Americans are facing this cruel tax of inflation alone. We certainly can’t look to the government to solve the issues it created – our leaders are useless. “President backs out of supply chain speech last-minute as nation waits for leader to lead,” noted a recent Fox News article. Biden also claims supermarket shelves are “well stocked,” even as meat producers are jacking up prices, and grocers ration food and get creative with their displays to cover the shortages.
What? You mean the current rate of inflation is NOT “transitory”? I’m shocked. Shocked! Trying to convince us Bidenflation doesn’t exist or is beneficial to the economy is gaslighting at best and evil at worst. Either the Biden administration is stupid, or it thinks we are.

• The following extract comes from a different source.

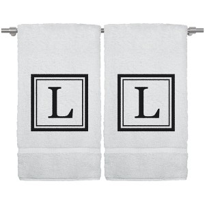 BC BARE COTTON Monogrammed Hand Towel, 100% Turkish Cotton - Set of 2 - White - Black Square
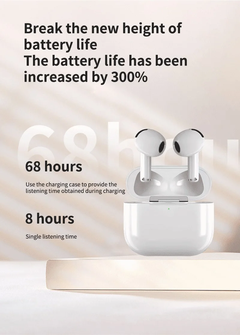 Air 4 – kabelloses Bluetooth-Headset mit Ladecase, integriertem Mikrofon und Touch-Bedienung, aktive Geräuschunterdrückung, wiederaufladbar, kompatibel mit allen Smartphones.

So, since it’s statistically unlikely prices will ever go down, my husband and I are discussing what else we can do to “boost” the economy by purchasing critical farm infrastructure materials before they’re priced beyond our reach – things like lumber, hardware, drip irrigation equipment, deer fencing … in other words, things of real value, not silly stuff like big-screen TVs or personal electronics.
So here’s my advice as we enter the festive season of the year: Boost the economy. Buy what you need NOW. Not necessarily what you want, but what you need – before prices double. Now is the time to think in terms of metaphorically circling the wagons and becoming more self-sufficient.